Several studies have investigated the relationship between OEF and CBF response to vasodilatory stimuli.72731 Our major interest in this study was the mean hemispheric value of OEF, which has been shown to be an independent predictor for subsequent ischaemic stroke.35 Few studies have analysed the relationship by using data consisting of one mean hemispheric value from each patient. One study, which used quantitative CBF measurement with xenon133 and CO2, showed that reduced CBF response to vasodilatory stimuli could be sensitive to increased OEF, because no subjects with increased OEF had a normal CBF response; but a threshold value that included all individuals with increased OEF also included many participants with normal OEF (low positive predictive value).31 These findings are comparable with the results in this study. To date, in most previous studies as well as the present study, the number of subjects has been small and there has possibly been some bias in the selection. In addition, the incidence of patients with increased OEF is in general low (less than 20%).23 Therefore, further studies including a larger number of participants will be required to determine whether the OEF method and vasodilatory response are comparable for detecting patients with haemodynamic impairment.
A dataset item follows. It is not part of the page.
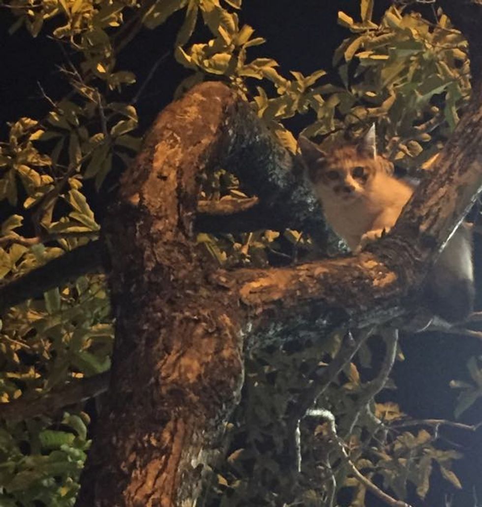 This cat loving man (from Taiwan) said he stopped his car and saw a kitten stuck up in a tree along the side of a bridge. When he tried to climb up into the tree to rescue the kitten, the cat darted away and fell into the river beneath.

However, the high sensitivity and low positive predictive value of a reduced CBF response to acetazolamide compared with increased OEF appears to be in accord with the finding of recent studies—that is, a subgroup of patients with severely decreased CBF response to acetazolamide have a high risk of developing a stroke that is lower than the risk in patients with increased OEF.101213

If the accuracy of its measurement of the vasodilatory response is similar to that of PET,32 the quantitative acetazolamide test, together with other methods to measure CBF, may be useful as an alternative to PET OEF methods for identifying patients who may benefit from EC-IC bypass surgery, when nil response is used as the criterion for reduced response. To test this hypothesis, a randomised clinical trial of EC-IC bypass for patients with decreased CBF and severely reduced CBF response to acetazolamide using SPECT is ongoing in Japan.
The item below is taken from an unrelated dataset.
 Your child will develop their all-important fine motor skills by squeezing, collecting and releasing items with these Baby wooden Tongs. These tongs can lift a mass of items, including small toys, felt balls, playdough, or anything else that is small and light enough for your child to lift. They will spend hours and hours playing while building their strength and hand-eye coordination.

In conclusion, in subjects with symptomatic carotid artery steno-occlusive lesions, OEF was inversely and non-linearly correlated with CBF response to acetazolamide. There was an upward trend of OEF with diminishing acetazolamide response below a critical level around zero response. This relationship suggests that these two methods may not identify the same patients as having haemodynamic impairment.